1. Introduction

With the progress of the times and development of science and technology, the effective utilization of electrical energy is becoming increasingly important. Hence, the negative impact of electric resistance and heating cannot be ignored. But the advent of superconductivity technology has made it possible to resolve this matter [1]. Superconducting technology can solve the problem of inefficiency caused by cable heating in power transportation, and can provide an environment for quantum computers. No matter what kind of problem, the emergence and application of superconducting technology will be meaningful to human beings and society.
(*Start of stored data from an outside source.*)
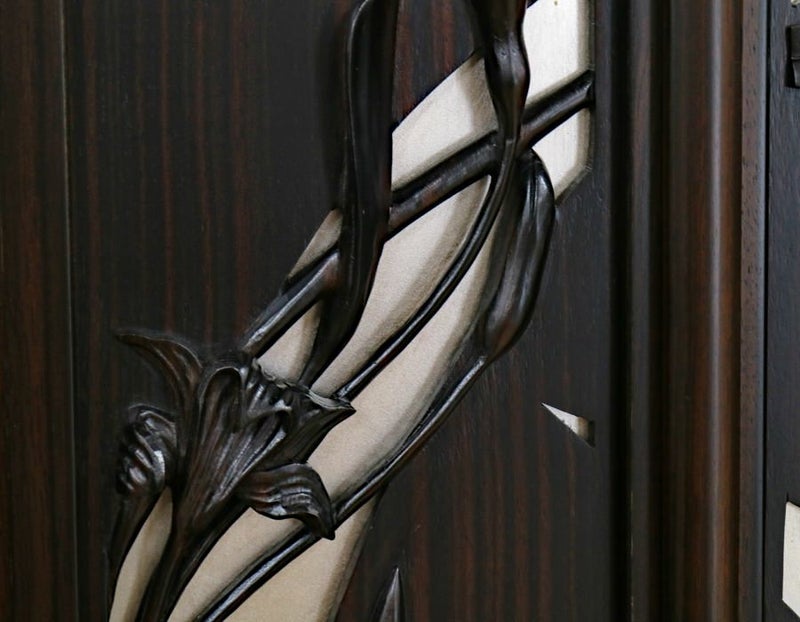黒檀の無垢板をふんだんに使用して、白ゆりの彫りを立体的に仕上げております。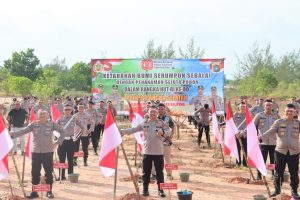 TOBOALI – Dalam rangka memperingati Hari Ulang Tahun (HUT) Kemerdekaan Republik Indonesia ke-80 tahun 2025, Polres Bangka Selatan melaksanakan kegiatan Ketahanan Bumi Serumpun Sebalai dengan penanaman pohon, Jumat (15/8/2025) pagi.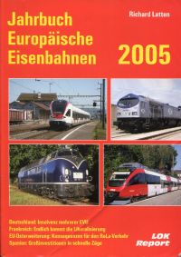 Latten, Richard: Jahrbuch Europäische Eisenbahnen 2005. Berlin: Lok Report 2004. 8°. 368 S., zahlreiche Farbabbildungen, broschiert (Einband mit leichten Gebrauchsspuren; gut erhalten)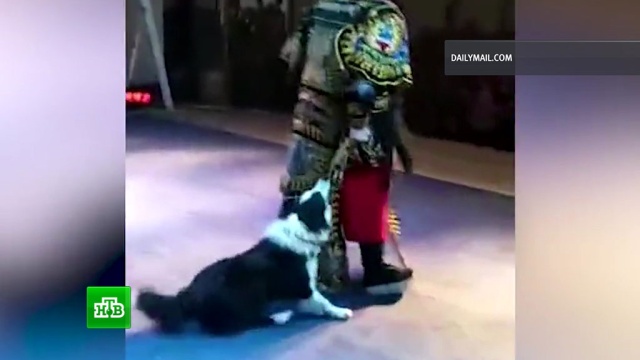 Появление нового персонажа вызвало море восторга — смеялись и в зале, и за кулисами. А вот актер, на котором повисла собака, смог сохранить невозмутимость. Сцену он доиграл до конца.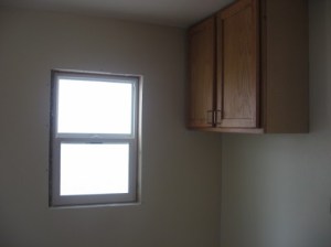 This is a shot of the south-east bedroom which was previously used as a laundry and plant room. The new windows are so nice. A closet built by two of the boys hasn’t got a door yet, but all in good time. The boys built closets in all three bedrooms and closed in a pantry and space for washer and dryer along one side of the kitchen. Adding convenience and saving space makes the house feel larger.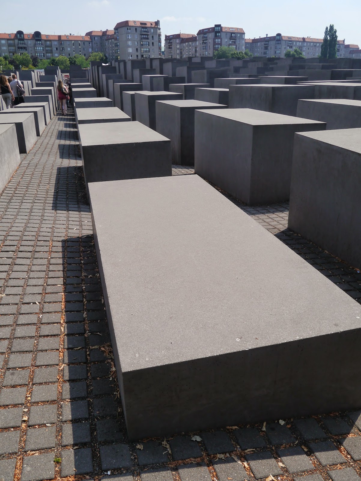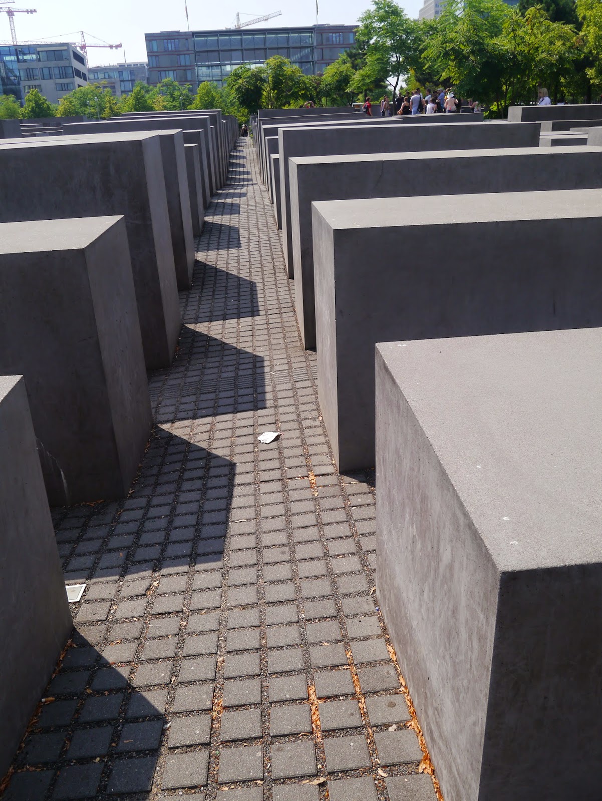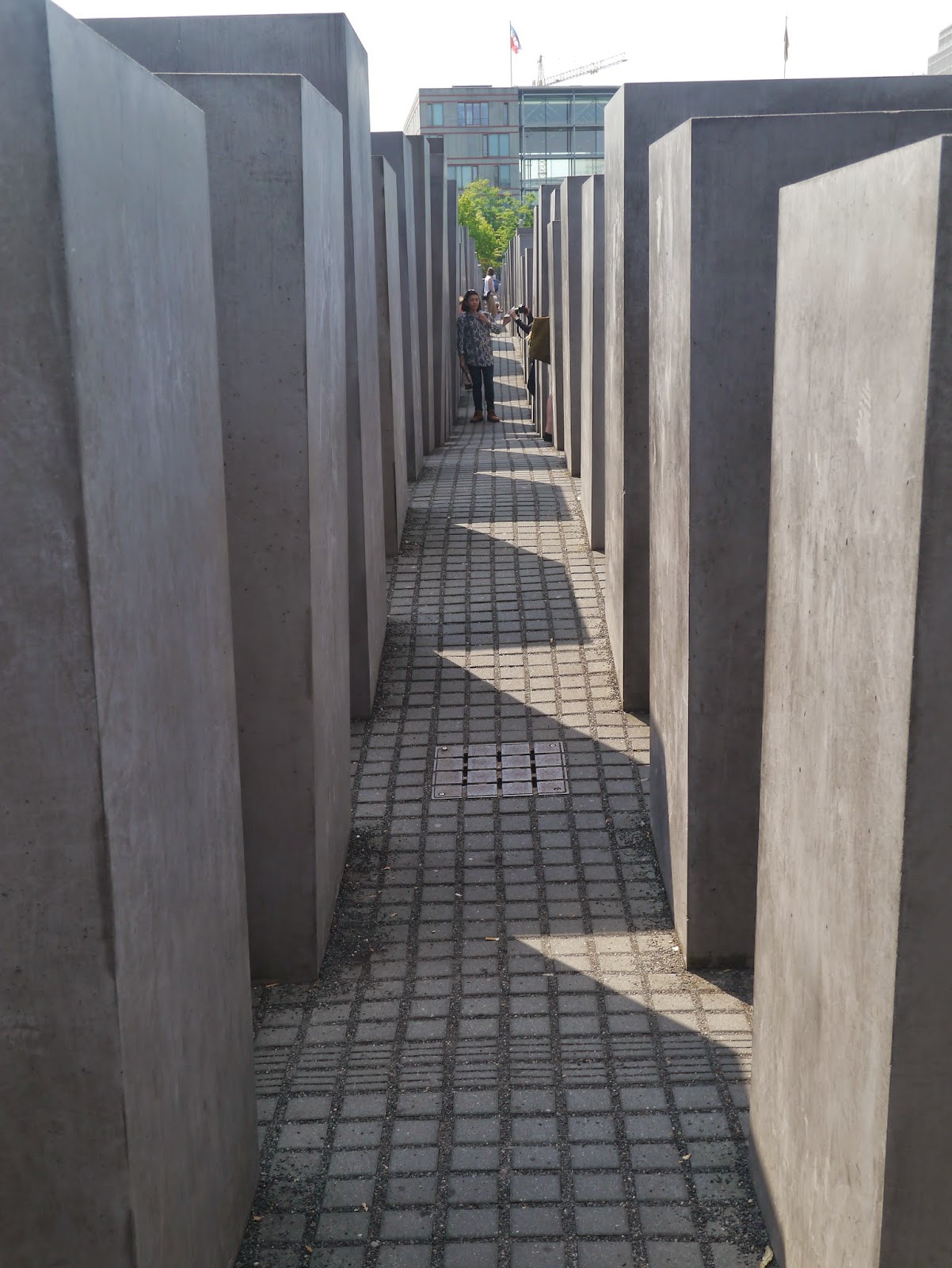 Un étroit labyrinthe,  composé de plus de 2000 stèles de différentes hauteurs naissant du sol, rend hommage à toutes les victimes européennes du génocide juif.
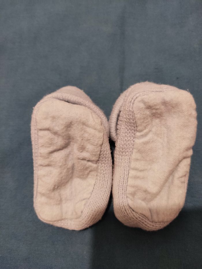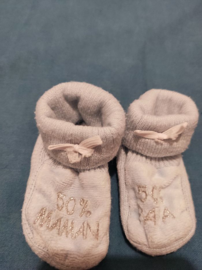 Chausson bébé bleu souple 50% papa 50% maman. Très bon état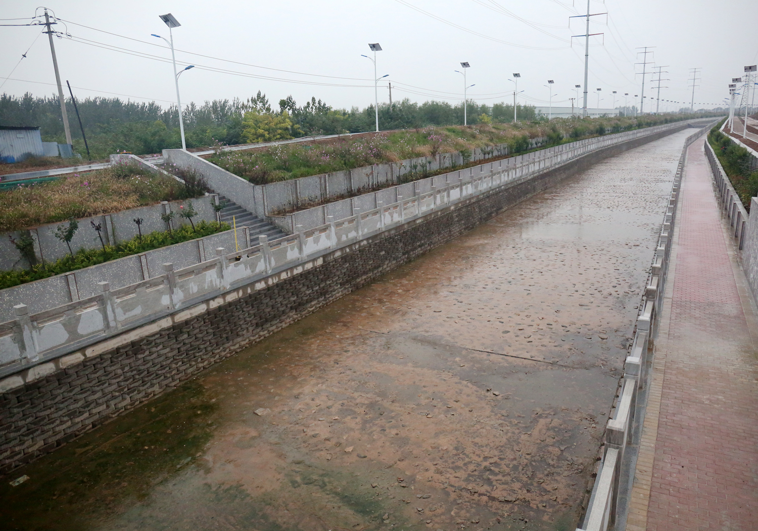 10月16日下午,秋雨連綿,崔作銘一行冒雨來到姚暹渠空港段項目工地,會同項目公司、項目部人員,對雨中的渠道進行逐段察看。崔作銘提出以下要求:一是加強安全質(zhì)量查擺整改;二是試水不用黃河水,泥沙含量大沉淀后不易清理,盡快與市水務局聯(lián)系對接,引入東花園清水;三是天涼了,加快綠植栽植工作;四是倒排工期,盡快完成附屬工程。

This paper first introduces the definition of the superconducting phenomenon, the history and the variety of superconducting materials [2]. Secondly, it explains the possible role of superconducting technology in the field of computer, power transmission and transportation respectively. Finally, the challenges and prospects in the research process and in the future are described.

2. Basis of superconducting technology

2.1. Definition of the superconducting phenomenon

Superconductivity usually refers to the superconducting state, which refers to some conductors that reduces the resistance to nearly zero at low temperature and small magnetic fields, while showing complete diamagnetic resistance. The superconducting state has several critical properties, for example the critical temperature, the critical magnetic field , and the critical current density. The conductor must be below all critical parameters at the same time for the conductor to maintain superconductivity. Once the physical quantity of the conductor exceeds the critical properties, the superconducting state will be disappeared and changed back to the normal state, no longer having superconductivity and diamagnetism. With this feature, the application of superconducting technology in power systems can greatly reduce power loss and thus reduce fuel consumption. In addition, superconducting technology can also be used to develop new electronic devices and explore new medical directions.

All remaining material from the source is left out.